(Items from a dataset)

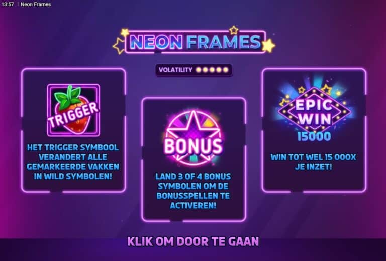 Bereid je voor op een visueel spektakel van fruit en neonlichten in Neon Frames, een nieuwe en energieke grid slot van Backseat Gaming. Op het eerste gezicht lijkt dit een simpele, futuristische fruitautomaat, maar onder de glanzende oppervlakte schuilt een briljante en zeer volatiele mechaniek. De gameplay is een meesterwerk van opbouwende spanning, volledig gericht op de gelijknamige ‘Neon Frames’-feature. Elke keer dat een Wild-symbool landt, laat het een ‘sticky’ kader achter op het speelveld. Deze kaders bouwen multipliers op en wachten op één cruciaal symbool: de ‘Trigger’-aardbei. Wanneer deze landt, verandert elk kader op het scherm in een Wild, wat kan leiden tot een explosieve kettingreactie. Met een maximale winst van 15.000x de inzet is dit een spel dat geduld beloont met een lichtshow van jewelste.
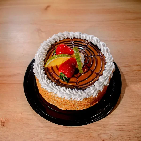 Cake de naranja con doble relleno de manjar, cubierto de manjar, contiene una decoración de fresas y rodajas de naranja.
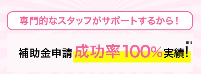 ![]() 補助金申請成功実績100%*1 | ![]() 補助金額100%保証*2 | ![]() 100%の実績 |
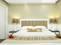 Two are 100sqm (1076sqft) with a 20sqm (215sqft) verandah located in a two story bure. They each comprise 2 bedrooms, each with a King sized bed, one ensuite and one main bathroom accessible from the living area, and 3 single beds also located in the spacious living area. The other two bures are 92sqm (990sqft) in size comprising 2 bedrooms - each with a King sized bed and an ensuite bathroom, and 3 single beds, plus a spacious 18.75sqm verandah (202sqft). All bures are air-conditioned with ceiling fans, fridge, and plunger coffee and tea making facilities. There are four family bures at Malolo which can sleep up to 7 people.
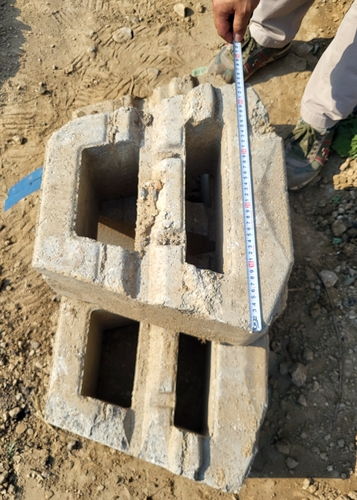 현장에서 확인된 설계보다 작은 크기의 옹벽 블록[오산시 제공. 재판매 및 DB 금지][오산시 제공. 재판매 및 DB 금지]뿐만 아니라 옹벽을 쌓는 데 사용된 블록 역시 설계도서상에는 가로 456㎜, 세로 527㎜, 높이 200㎜의 블록을 사용한다고 돼 있지만, 실제 사용된 블록은 가로 450㎜, 세로 400㎜, 높이 200㎜로 더 작았습니다.
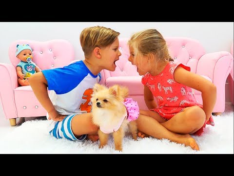 Diana and Roma play with a Dog and older sister
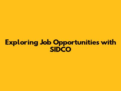 Job Opportunities With SIDCO

_Instructions to follow_. Give the data again exactly as it stands, apart from the pictures.

_Output below_.
 Bereid je voor op een visueel spektakel van fruit en neonlichten in Neon Frames, een nieuwe en energieke grid slot van Backseat Gaming. Op het eerste gezicht lijkt dit een simpele, futuristische fruitautomaat, maar onder de glanzende oppervlakte schuilt een briljante en zeer volatiele mechaniek. De gameplay is een meesterwerk van opbouwende spanning, volledig gericht op de gelijknamige ‘Neon Frames’-feature. Elke keer dat een Wild-symbool landt, laat het een ‘sticky’ kader achter op het speelveld. Deze kaders bouwen multipliers op en wachten op één cruciaal symbool: de ‘Trigger’-aardbei. Wanneer deze landt, verandert elk kader op het scherm in een Wild, wat kan leiden tot een explosieve kettingreactie. Met een maximale winst van 15.000x de inzet is dit een spel dat geduld beloont met een lichtshow van jewelste.
 Cake de naranja con doble relleno de manjar, cubierto de manjar, contiene una decoración de fresas y rodajas de naranja.
 ![]() 補助金申請成功実績100%*1 | ![]() 補助金額100%保証*2 | ![]() 100%の実績 |
 Two are 100sqm (1076sqft) with a 20sqm (215sqft) verandah located in a two story bure. They each comprise 2 bedrooms, each with a King sized bed, one ensuite and one main bathroom accessible from the living area, and 3 single beds also located in the spacious living area. The other two bures are 92sqm (990sqft) in size comprising 2 bedrooms - each with a King sized bed and an ensuite bathroom, and 3 single beds, plus a spacious 18.75sqm verandah (202sqft). All bures are air-conditioned with ceiling fans, fridge, and plunger coffee and tea making facilities. There are four family bures at Malolo which can sleep up to 7 people.
 현장에서 확인된 설계보다 작은 크기의 옹벽 블록[오산시 제공. 재판매 및 DB 금지][오산시 제공. 재판매 및 DB 금지]뿐만 아니라 옹벽을 쌓는 데 사용된 블록 역시 설계도서상에는 가로 456㎜, 세로 527㎜, 높이 200㎜의 블록을 사용한다고 돼 있지만, 실제 사용된 블록은 가로 450㎜, 세로 400㎜, 높이 200㎜로 더 작았습니다.
 Diana and Roma play with a Dog and older sister
 Job Opportunities With SIDCO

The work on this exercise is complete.